Олесь стоял белый, Петро переводил потерянный взгляд с него на Чорну, с Чорной на него, и что-то быстро говорил одними губами. Молился, наверное.
— Мастер, — фыркнула Мьяфте, помягчев лицом. — Дурак, как есть дурак. Все ведь ты правильно понимаешь про то, как жизнь получается. И как лепится человек миром. И что на крови замешивать стал — тоже верно. Всё ты верно делаешь. Только не мужское это дело. Никак. Уж прости, — развела руками Мьяфте. — Так устроено. Ты бы и сам понял — скоро бы понял, ты умный, Семигорич. Ты сам знаешь, что тебе глаза застит. Я тебе ключ открыла там, в голове оврага-то. Пойди, умойся, глаза промой. Должно помочь.
— Что же, не встанет мой друг на ноги? — прошептал, смиряясь, Олесь.
Петро смотрел на Чорну, не отрываясь. Понял уже, кто перед ним, всю надежду, что непомерным грузом на Олеся возложил, направил теперь к темной гостье. Не дышал, слушал ее долгое молчание.
Пощадила Петра, первым ответила ему.
— Тебе без разницы. Живи, как есть — другой жизни все равно не бывает. Только как есть. А ты, Семигорич, много на себя взять хочешь. Я тебе сказала: не твое это дело. Если кто-то другой за это возьмется — с ним и говорить буду. А тебе больше нечего тут знать. Хорони своего последнего — и хватит глину изводить. Хорошая глина. Из такой свистулек наделать и всякое зло от жизни отпугивать, смерть удерживать подальше, пока ей срок не настал. А не… наоборот. Всё, пойду я. Еще этого приму, о нем не беспокойся. С остальными — если вдруг не понял чего — сам разбираться будешь. Ты.
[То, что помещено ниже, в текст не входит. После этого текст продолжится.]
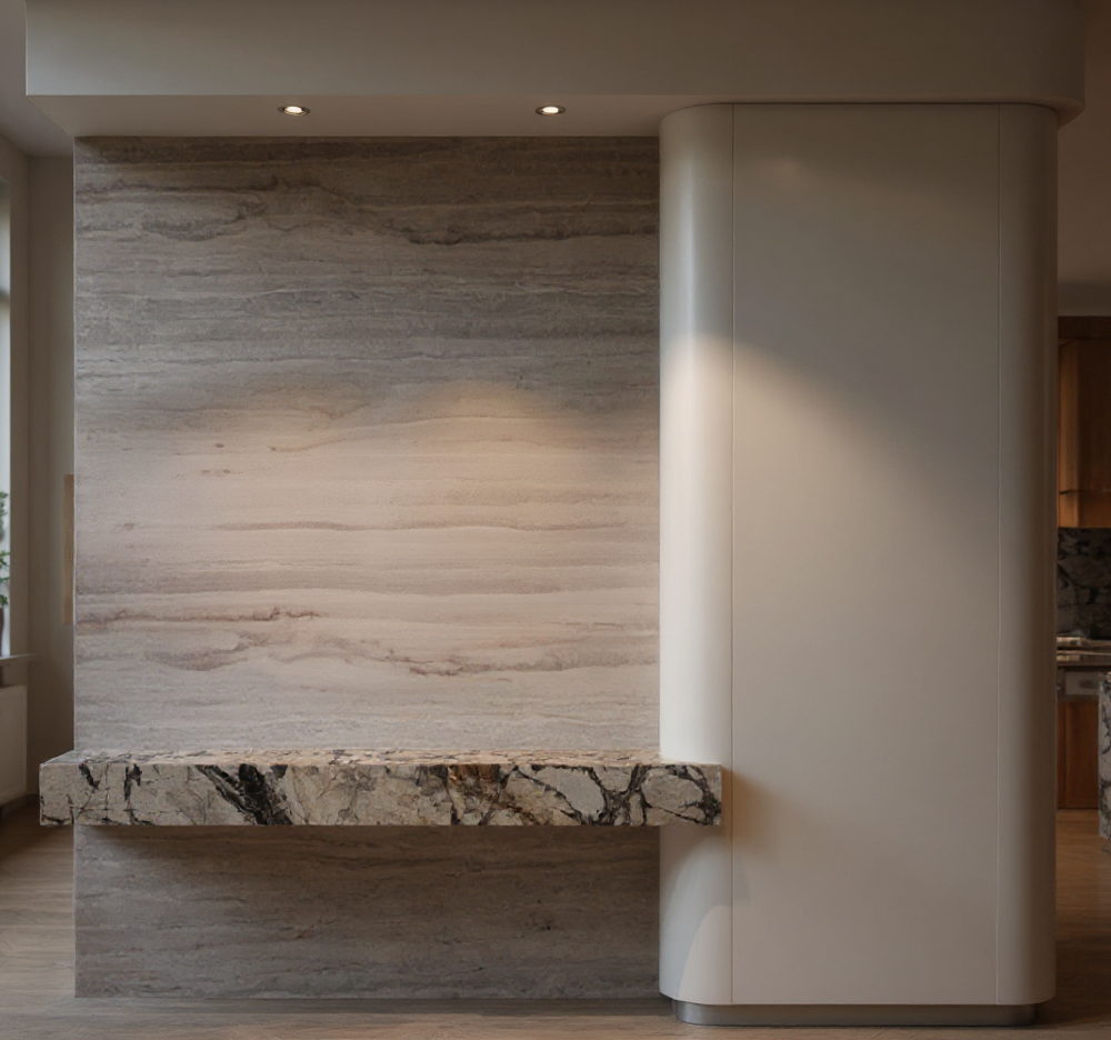 alvar aalto interior shot remove travertine wall from above and below the shelf change that wall above and below to a white textured wallpaper change the stone shelf to a light taupe travertine change the floor to a white polished floor architecture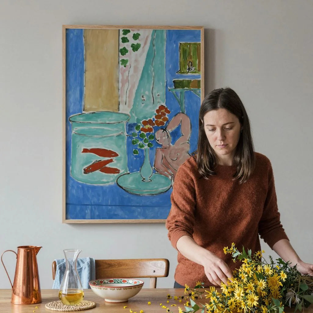 This Henri Matisse poster features Goldfish and Sculpture (1912) in a full-cover format, showing the complete composition with its bold colour fields and decorative rhythm. A still life with an aquarium of goldfish and a sculptural figure is rendered in intense blues and expressive forms, highlighting Matisse’s fearless approach to light, colour, and modern design.

— Так что же… — все еще не мог поверить в окончательный провал своего дела Олесь.
— Тебе обязательно, чтобы ты это сделал? Если не ты — то и конец всему?
Олесь помотал головой.
— Вот и выкинь из головы.
Сказала, развернулась и пошла вниз, по склону оврага, да и пропала там среди черных стволов на фоне черной земли.
Парни молча смотрели ей вслед, потом как очнулись: торопливо спустили в овраг волокушу, торопливо вырыли яму и забросали землей замешанную на живых соках — кровь Петра, пот Олеся — последнюю надежду. Торопливо выбрались из оврага: Олесь толкал Петрову доску, а тот и не возражал.
— Горилка-то есть у тебя? — спросил, обернувшись уже наверху, у кромки.
— Помянем, — согласился Олесь.
Звезда Матильда
Две не две, а тысячу с лишком — пока не сбилась со счета, а уж сколько раз она с него сбивалась… Может, и не было никакой тысячи. Который год был за день, который день —
Но внутри мягко билось живое сердце, год за годом — час за часом — врастая в ее существование своей жизнью, и она как будто становилась неподвластной хозяйскому зову. Сердце помнило тихий голос свирели над снежными склонами родных пастбищ — и умело поднять его завесой вокруг Сурьи, заслоняя ее. И она не вернулась, хоть знала, что когда-нибудь они ее непременно себе вернут, и кара будет страшной. Но то когда еще — а жизнь сейчас. И как бы ни мучили, в конце непременно переплавят и перелепят. Значит, и памяти о муке не останется, как не оставалось памяти о прежней жизни никогда. А нет памяти — не было и муки, останется всегдашняя покорность и готовность исполнить любое, что велят — без понимания и чувства. Ведь сердце не вынесет той муки, а если и вынесет муку — не выживет в плавильне черного неба, а если бы и выжило… не оставят ей сердца, выгнут ракитовой веткой над бездной, надрежут бледным ногтем натянутую кожу, переломят хрупкие ребра, вынут маленькую жизнь, раздавят в ледяных пальцах. Морознее земного мороза дыхание Господ, ледянее льда их плоть — вмиг станет прахом иссушенная невозможным холодом человечья плоть, и стряхнут прах с пальцев, и подуют на них…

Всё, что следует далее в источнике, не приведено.